Further, the terminal 10 may also include a communication component 15. The communication component 15 may optionally include a wired communication component and/or a wireless communication component, such as a WI-FI communication component, a bluetooth communication component, etc., typically used to establish a communication connection between the terminal 10 and other intelligent control devices.
The processor 12 may be, in some embodiments, a Central Processing Unit (CPU), controller, microcontroller, microprocessor or other data Processing chip for executing program codes stored in the computer-readable storage medium 11 or Processing data. Specifically, the processor 12 executes a processing program of multi-source heterogeneous data to control the terminal 10 to implement the training method of the image classification model.
It is to be understood that fig. 5 only shows the terminal 10 with the components 11-15 and the training method for implementing the image classification model, and that those skilled in the art will appreciate that the structure shown in fig. 5 does not constitute a limitation of the terminal 10 and may include fewer or more components than those shown, or some components may be combined, or a different arrangement of components.
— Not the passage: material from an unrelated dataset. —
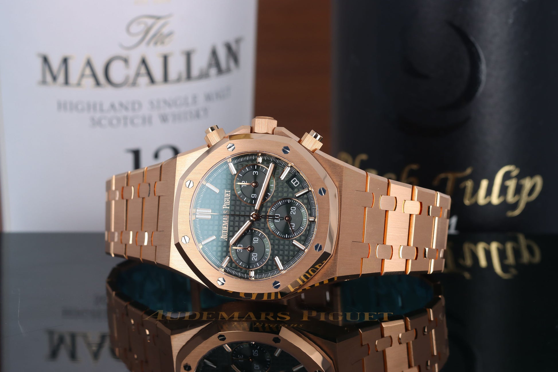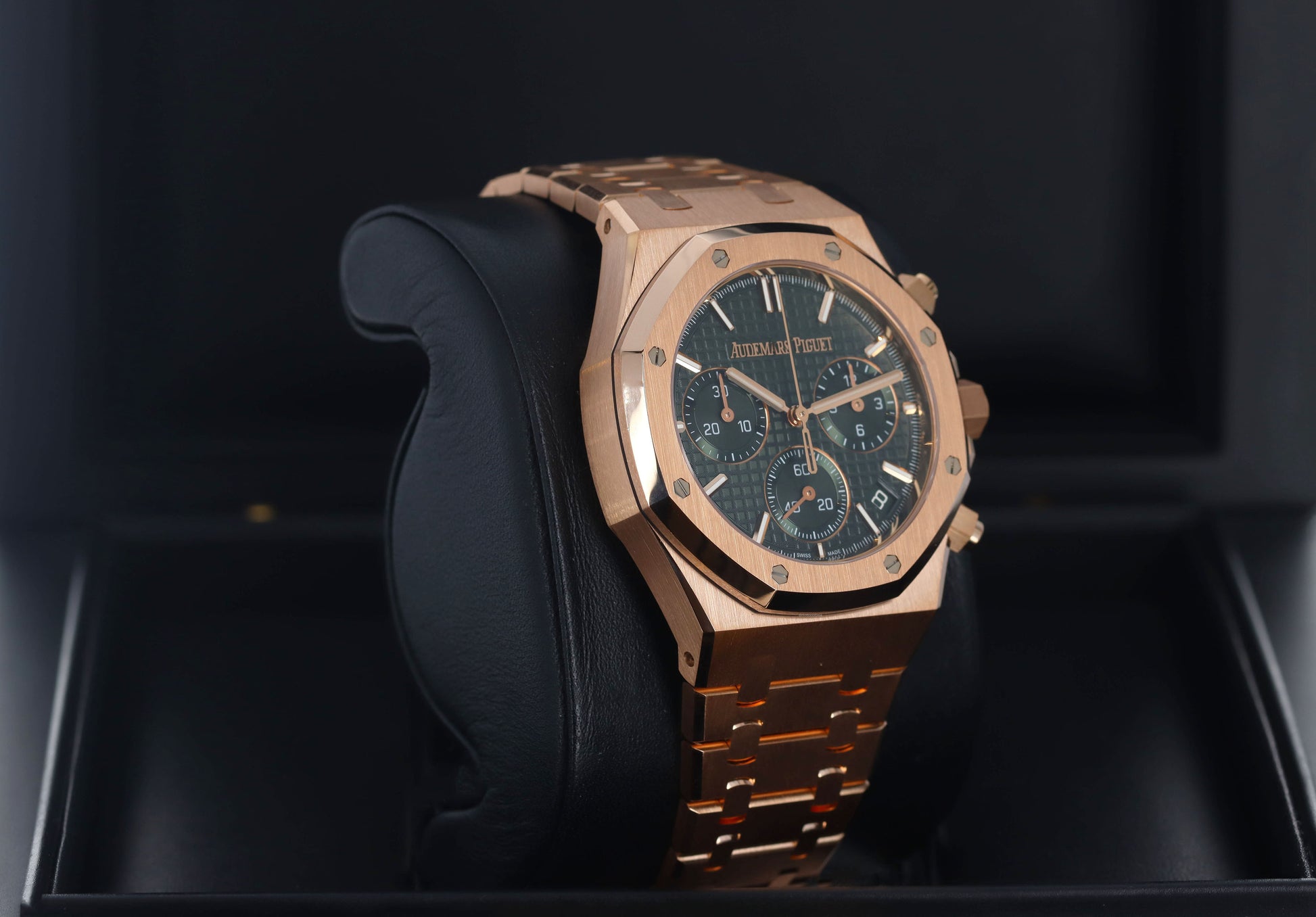 - Audemars Piguet Royal Oak Chronograph 41mm, Green Dial - 18kt Rose Gold on Bracelet, 26240OR.OO.1320OR.08

It will be apparent to those skilled in the art that various changes and modifications may be made in the present invention without departing from the spirit and scope of the invention. Thus, insofar as these modifications and variations of the invention fall within the scope of the claims of the invention and their equivalents, the invention is intended to include these modifications and variations.
The above-mentioned embodiments are only examples of the present invention, which should not be construed as limiting the scope of the present invention, and therefore, the present invention is not limited by the claims.